27.3 OpenBao Agent non aggiorna immediatamente dopo unseal
Dopo un periodo in cui OpenBao è sealed, l'Agent può essere entrato nel proprio backoff di retry.
Attendere fino ad alcuni minuti.
Controllare:
journalctl -fu openbao-agent
Il comportamento corrente è considerato accettabile e non viene modificato.
27.4 /run/openbao-agent vuoto dopo reboot
È normale:
/run
è un filesystem volatile.
Se OpenBao è disponibile:
Agent
↓
Auto-Auth
↓
template render
↓
file ricreati
Se OpenBao è offline, i file rimangono assenti fino al recovery dell'Agent.
I container già esistenti mantengono tuttavia le environment variables con cui erano stati precedentemente creati.

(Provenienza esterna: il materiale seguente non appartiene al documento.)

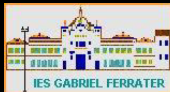
INS Gabriel Ferrater (Reus) https://agora.xtec.cat/iesgabriel Ferrater/

27.5 Backup service inactive (dead)
Per:
openbao-raft-backup.service
questo stato è normale perché:
Type=oneshot
Verificare il risultato dell'ultima esecuzione con:
journalctl \
-u openbao-raft-backup.service \
-n 30 \
--no-pager
28. Decisioni architetturali definitive
| Area | Decisione |
|---|---|
| OpenBao OS | Debian 13 |
| Deployment | Pacchetto APT nativo |
| Storage | Integrated Storage / Raft |
| Nodo iniziale | Single node |
| Seal | Shamir 6/2 |
| Accesso | Sempre attraverso Caddy |
| TLS client → Caddy | Sì |
| TLS Caddy → OpenBao | Sì |
| Auth utenti | Authentik OIDC |
| Caddy forward-auth | No |
| Secret engine | KV v2 |
| Struttura KV | gruppo/ambiente/progetto |
| RBAC | <group> RO / <group>-senior RWD |
| Machine auth | AppRole |
| AppRole | Uno per VM |
| Agent | Uno per VM |
| Agent → Docker socket | Vietato |
| Rendering | /run/openbao-agent/*.env |
| Aggiornamento secret | Automatico |
| Audit | File locale JSON |
| Backup Raft | Giornaliero |
| Retention | Ultimi 14 |
| Scheduler backup | systemd |
| Monitoring | Uptime Kuma /sys/health |
| Root token | Da rimuovere a fine hardening |
29. Stato del progetto
Completato
- Debian 13
- OpenBao 2.6.2
- Integrated Storage / Raft
- TLS OpenBao
- Caddy reverse proxy
- Firewall OpenBao
- Init Shamir 6/2
- Unseal verificato
- Audit logging
- Authentik OIDC
- DevOps administrative mapping
- KV v2
- RBAC utenti
- Provisioning automatico gruppi
- AppRole
- Policy Agent
- OpenBao Agent
- Rendering automatico
.env - Docker Compose integration
- Aggiornamento automatico delle variabili
- Test Agent offline
- Test OpenBao offline
- Test reboot VM applicativa con OpenBao offline
- Snapshot Raft
- SHA-256 snapshot
- Backup automatico systemd
- Retention ultimi 14 snapshot
Da completare
- Validazione/applicazione eventuale hardening systemd aggiuntivo
- Rimozione/revoca Initial Root Token
30. Future Improvements
Miglioramenti possibili, non necessari per l'attuale messa in produzione:
Replica dedicata snapshot Raft off-host
Attualmente la VM è già protetta dal backup off-site dell'infrastruttura.
In futuro:
OpenBao
↓
snapshot Raft
↓
storage indipendente
OpenBao Raft HA
Evoluzione possibile:
OpenBao01
OpenBao02
OpenBao03
↓
Raft cluster
Secret file invece di Docker ENV
Per credenziali particolarmente sensibili:
OpenBao
↓
/run/secrets/application
↓
bind mount RO
↓
container
Restore test isolato
Eseguire periodicamente un test controllato di ripristino dello snapshot Raft su un ambiente isolato.